We estimated logistic regression models (excluding random effects) containing all 64 combinations of the 6 variable sets—state, LOS, previous admissions, admission type, admission group, and discharge code—and computed the AUROC for each. AUROC values ranged from 0.700 to 0.759, with 32 models giving AUROC within 2% of the maximum achieved using all the variables.
We reran our model excluding the provider random effect, obtaining an AUROC of 0.760. We reran our model excluding 699 uncomplicated labor and delivery admissions (ICD-10 codes O81 and O82; 0.5% of the index admissions), obtaining an estimated AUROC of 0.758.
We reestimated the model using the cohort identified by a more specific diabetes case definition, obtaining an AUROC of 0.750. The method selected all the predictors in Table 3 plus a smaller set of past diagnoses that largely overlapped with the list in eAppendix Table 2.
A small fraction (1.1%) of index hospitalizations had stays longer than 28 days that we were concerned might unduly influence predictions. Rerunning the model excluding these data gave an AUROC of 0.766, suggesting that prediction is poor for longer index stays.
We reran the model excluding 21,752 patients (31.2%) whose 32,826 hospitalization claims (25.4%) had noncontinuous enrollment for a year before or 30 days after, obtaining an estimated AUROC of 0.748.

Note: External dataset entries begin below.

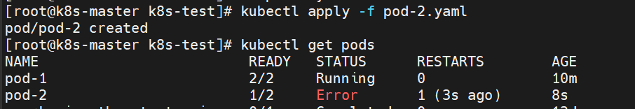 위 이미지에 표출되는 것처럼 pod-2가 Error가 발생했다는 Status를 확인할 수 있습니다.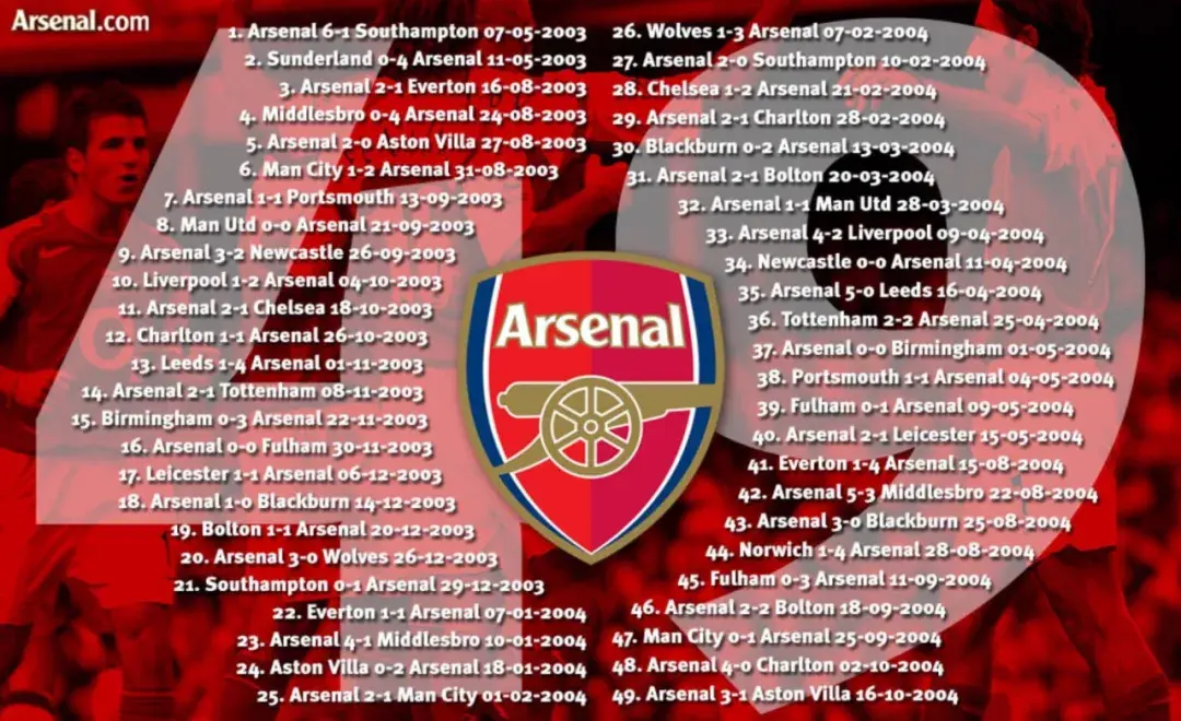 后来,阿森纳将英超不败场次延续到49场,这至今都是阿森纳与阿尔塞纳的至尊荣耀。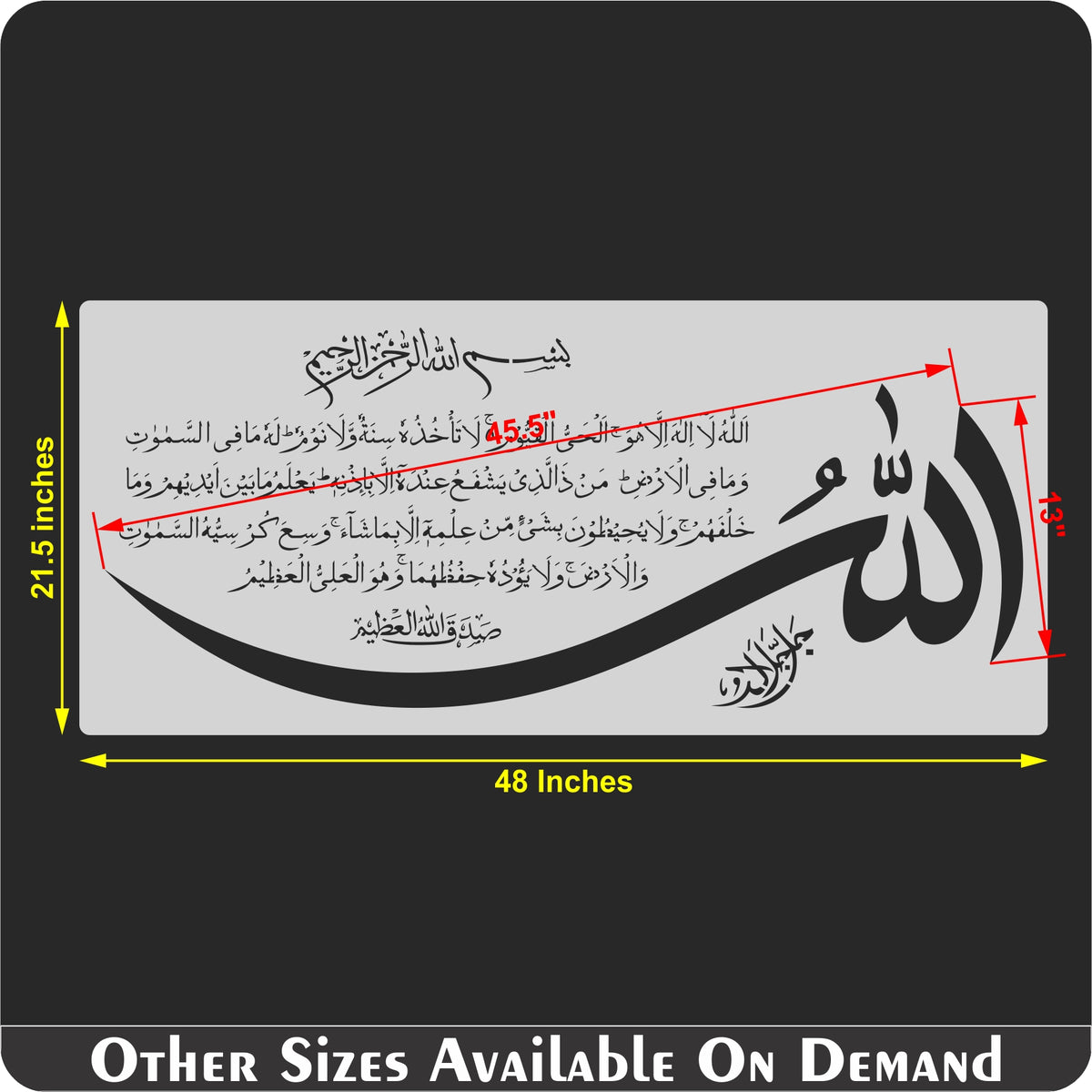 Islamic Calligraphy Stencil of Ayat Ul Kursi For wall decoration, used for Canvas, and scrapbooking, Our wall stencils are unbreakable and reusable and can be used with different kinds of paints and techniques, find more calligraphy stencils, floral stencils, and Mandela stencils, in our store.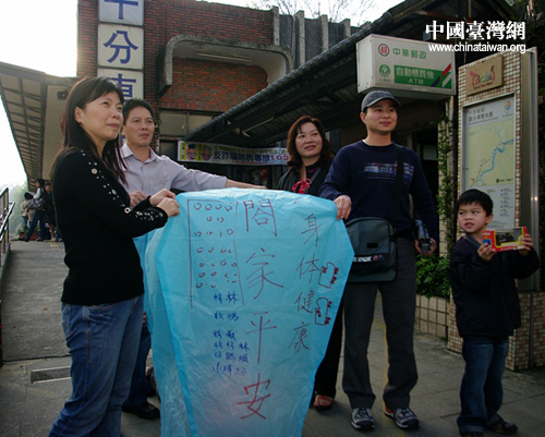 天灯也可像风筝般以绳子系着施放。 台湾花布与天灯结合,成为漂亮的灯饰,颇受民众青睐。 在十分车站前留影,是观光客来平溪最喜欢的取景点。 第1页第2页第3页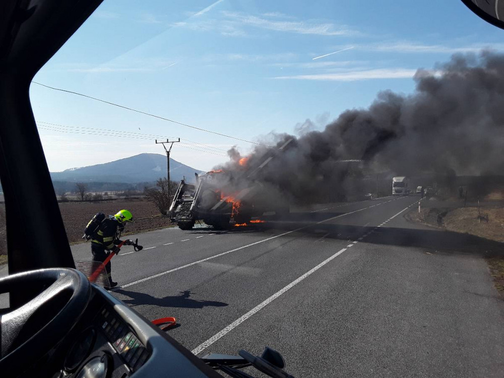 Traktor začal hořet na silnici v Holanech. V přívěsu vezl dobytek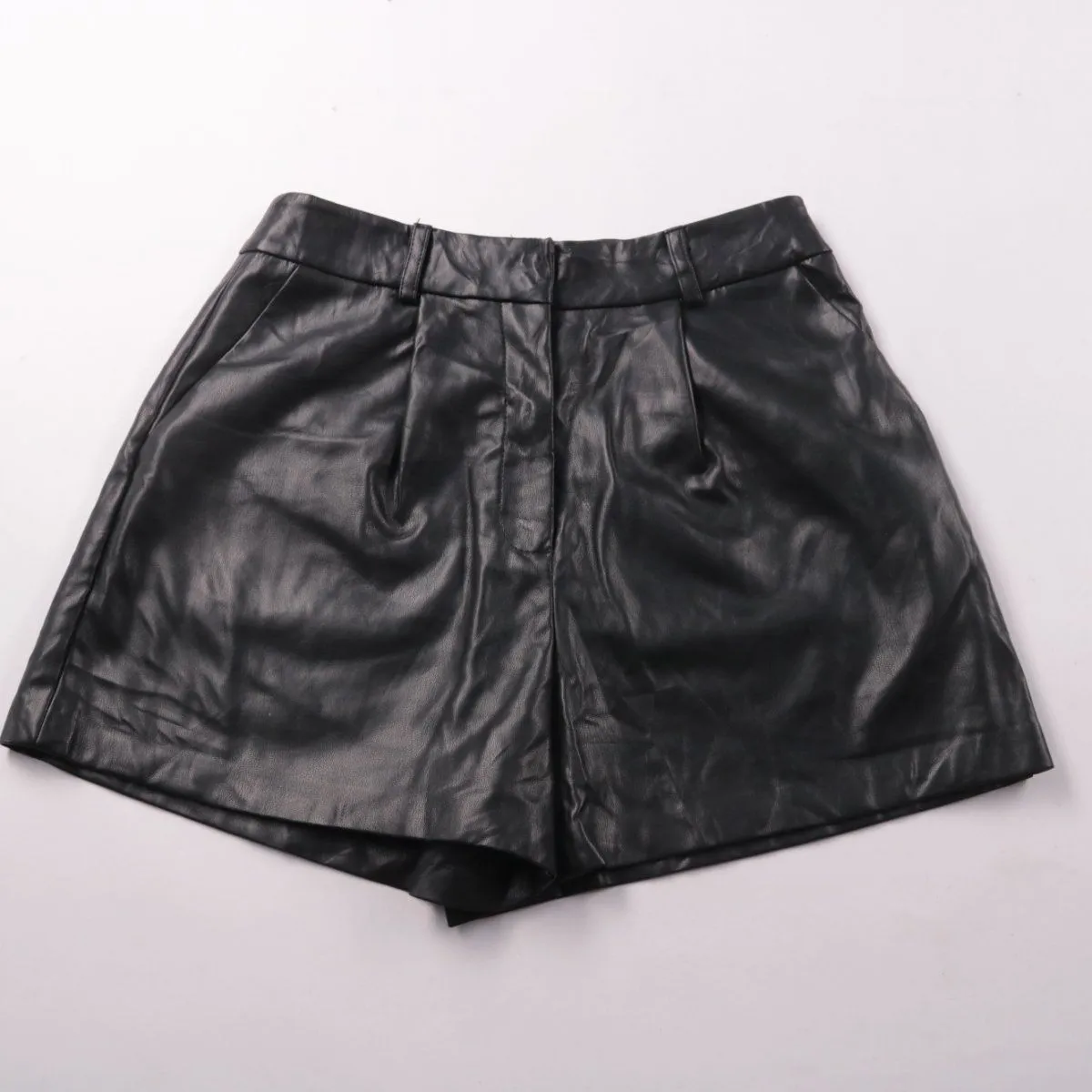 Женские шорты AMISU из эко-кожи чёрного цвета, с шлёвками для ремня и боковыми карманами. Подойдут для повседневных образов и вечерних выходов. Практичное преимущество — материал легко протирается и не требует сложного ухода.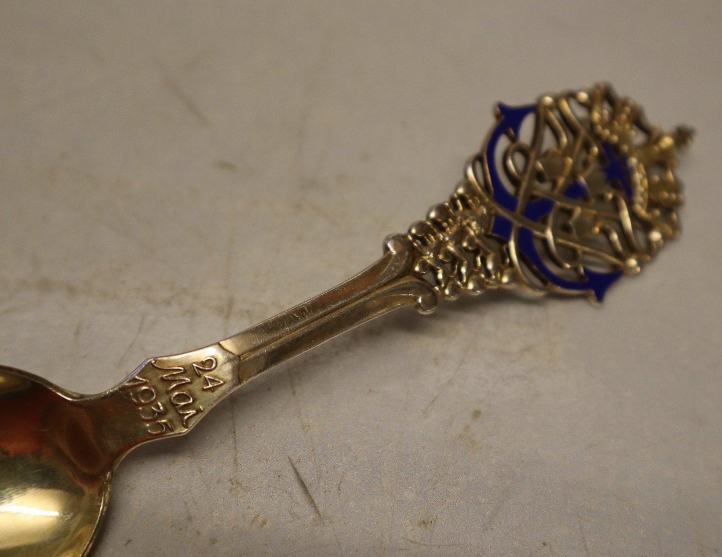 Udført i forgyldt sterling sølv. I perfekt stand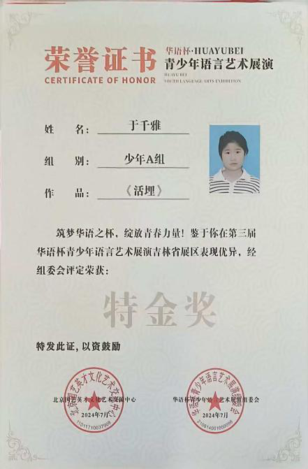 我是来自吉林省辽源市第一实验小学六年级的学生于千雅。对我而言,学习不仅是获取知识,更是一场探索大脑潜能的奇妙旅程。智慧教育为我打开了这扇大门,它像一位无处不在的“AI导师”,让我能随时随地接触优质资源,并根据我的节奏进行个性化学习,让知识的获取变得更高效、更有趣。 而脑科学则是我学习的“指南针”。它让我明白,科学用脑比盲目努力更重要。通过了解记忆规律和专注力原理,我学会了如何更科学地安排学习与休息,从而在语言艺术练习或作品理解时,能达到更佳的沉浸状态与记忆效果。 其中,快速阅读是我受益颇深的一项技能。它极大地提升了我的信息处理效率,让我能在短时间内浏览大量文献与经典,快速抓取核心思想与情感脉络。这不仅拓宽了我的视野,积累了丰富的表达素材,更让我在舞台上对作品的把握更加从容、深刻。智慧教育、脑科学与高效学习方法的结合,正帮助我一步步构建更强大的学习能力,让我能更自信地追逐梦想。 以下是我曾在接触智慧教育以后获得过的奖项。 1.2023年6月获得吉林讲文明树新风公益广告 “优秀宣讲员、公益榜样力量人物” 2.2022年1月8日获得FM90.1少儿春节晚会 “拉丁舞之星” 3.2024年4月10日获得辽源市第一实验小学 “‘红领巾奖章’一星章” 4.2023年获得“鼎拓杯”新人10岁女子单人A组L一等奖 5.2023年5月2日获得“鲁商杯”20岁单人单项新人恰恰组三等奖 6.2024年7月获得“华语杯”吉林省展区特金奖 7.2025年7月30日获得吉林省科技馆“科普云社团”优秀奖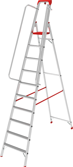 Съёмные поручни. Органайзером для 14 инструментов, цельнотянутая стальная площадка и развальцованные ступени глубиной 80 мм.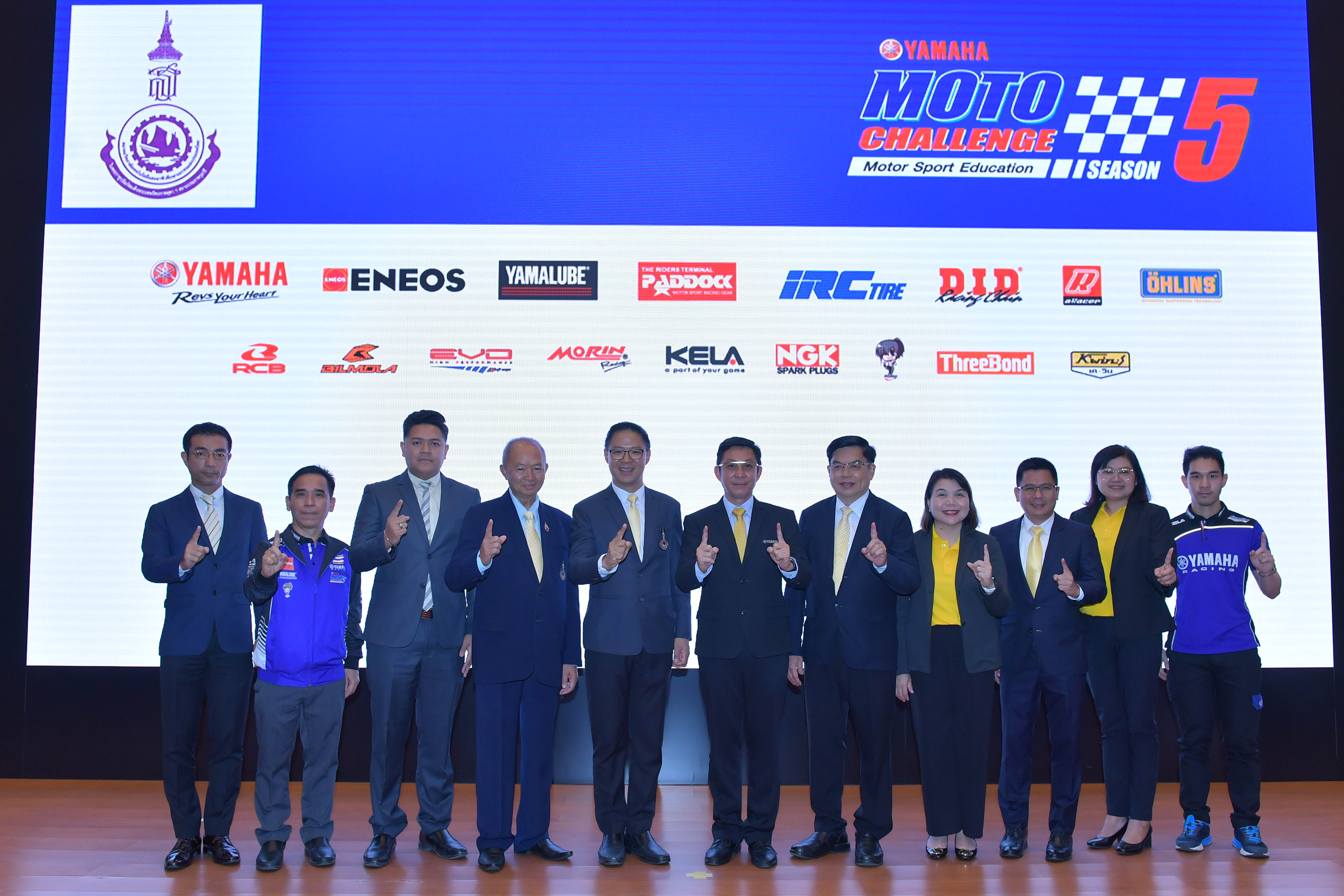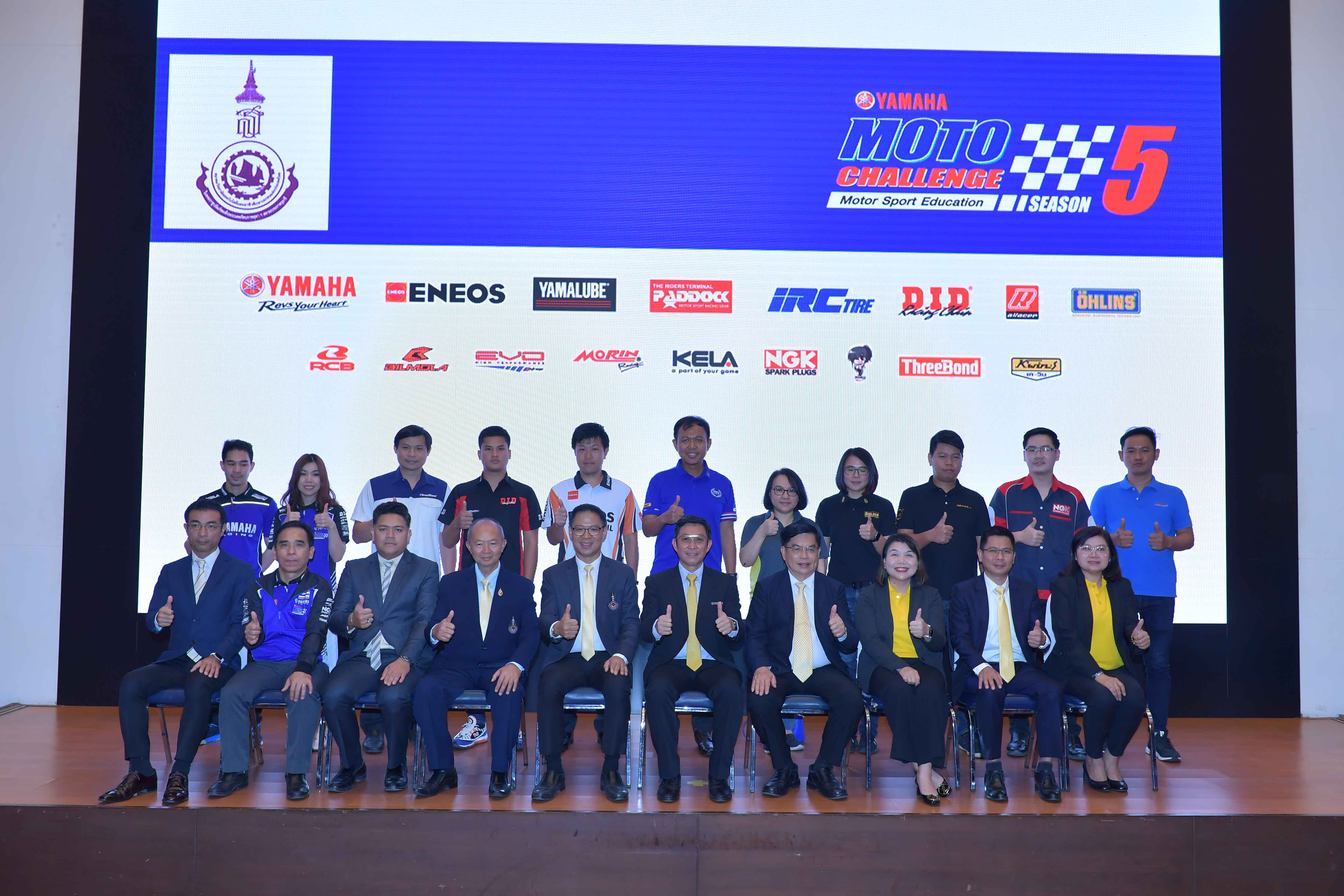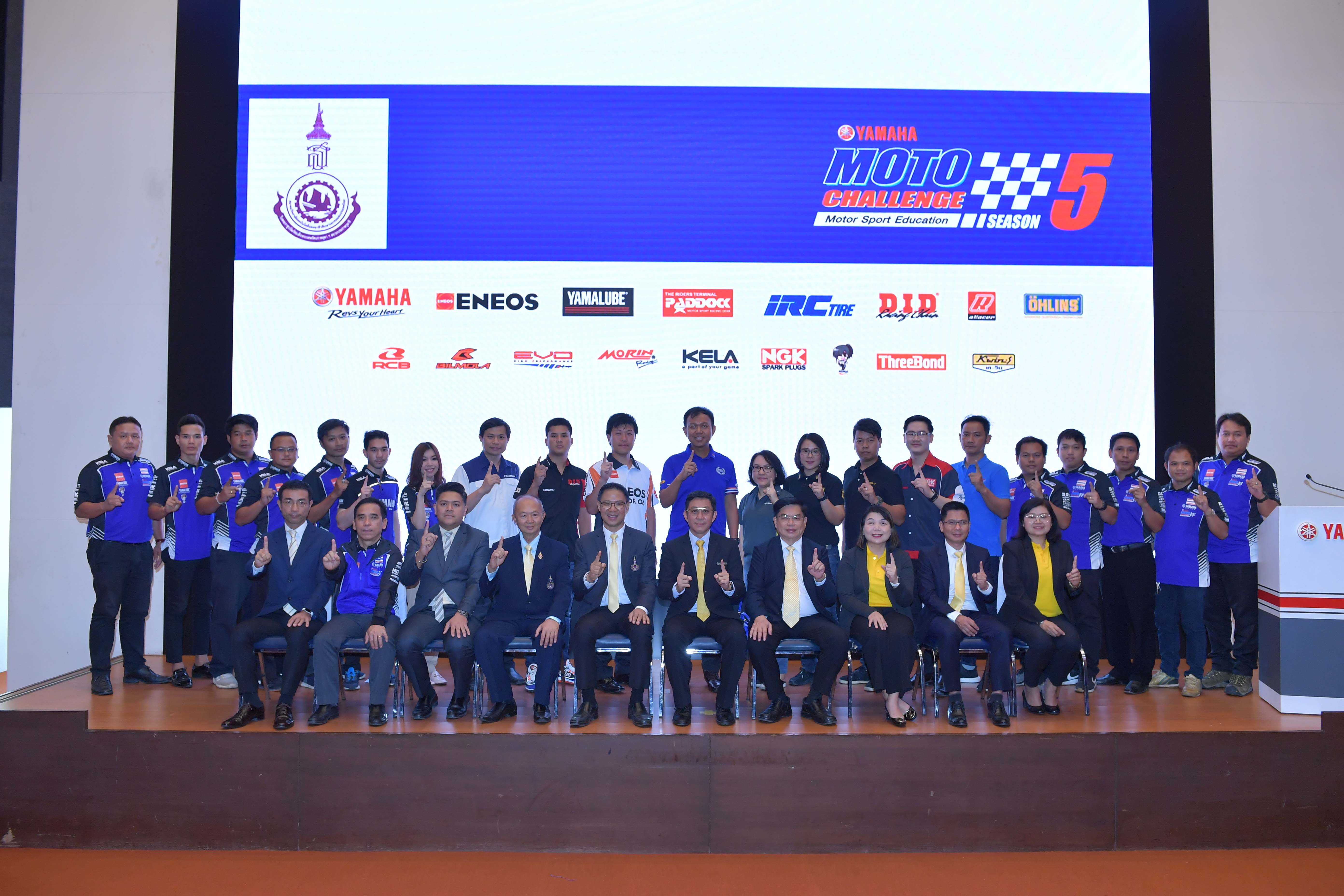นายธีระพงษ์ โอภาสกรกุล ผู้จัดการทั่วไปอาวุโสฝ่ายกีฬายานยนต์ และสถาบันฝึกอบรมขับขี่รถจักรยานยนต์ยามาฮ่า พร้อมด้วยผู้บริหารระดับสูง บริษัท ไทยยามาฮ่ามอเตอร์ จำกัด ถ่ายภาพร่วมกับ ดร.อดิศร สินประสงค์ นายกสมาคมวิทยาลัยเทคโนโลยีและอาชีวศึกษาเอกชนแห่งประเทศไทยในพระราชูปถัมภ์ สมเด็จพระเทพรัตนราชสุดาฯ สยามบรมราชกุมารี พร้อมด้วยผู้สนับสนุนการแข่งขัน และ 20 ทีมจากสถาบันอาชีวศึกษาที่เข้าร่วมโครงการ Yamaha Moto Challenge 2019 Season 5 ในงานแถลงข่าว Yamaha Moto Challenge 2019 Season 5    โดยยามาฮ่ามีความมุ่งมั่นในการพัฒนากีฬามอเตอร์สปอร์ตไทยให้ก้าวสู่การแข่งขันระดับโลก      ซึ่งจัดการแข่งขันภายใต้หลักสูตร Motorsport Education เพื่อผลิตบุคคลากรชั้นนำให้เข้าสู่วงการมอเตอร์สปอร์ตของประเทศไทย โดยใช้กฎ กติกา และมารยาทการแข่งขันรูปแบบเดียวกับการแข่งขันกีฬามอเตอร์สปอร์ตระดับอาชีพที่ได้รับรองจากสมาพันธ์กีฬาแข่งรถจักรยานยนต์แห่งประเทศไทย โดยพร้อมระเบิดความมันส์สนามแรกในรายการ R2M Thailand SuperBike วันที่ 7 – 9 มิถุนายน 2562 ณ สนามไทยแลนด์ เซอร์กิต นครชัยศรี

Thirty-day readmission is a widely acknowledged driver of health care costs. Thus, CMS financially penalizes hospitals that have excessive numbers of 30-day readmissions,22 and there is considerable interest in identifying patients who are at risk for such readmissions and implementing protocols that help to avoid this outcome. Because Medicaid insurance is a significant predictor of 30-day readmission, insurers that offer such plans have a particular stake in reducing these events. Yet models for predicting readmission in diabetes have largely relied on granular demographic and clinical data that may not be available to Medicaid payers.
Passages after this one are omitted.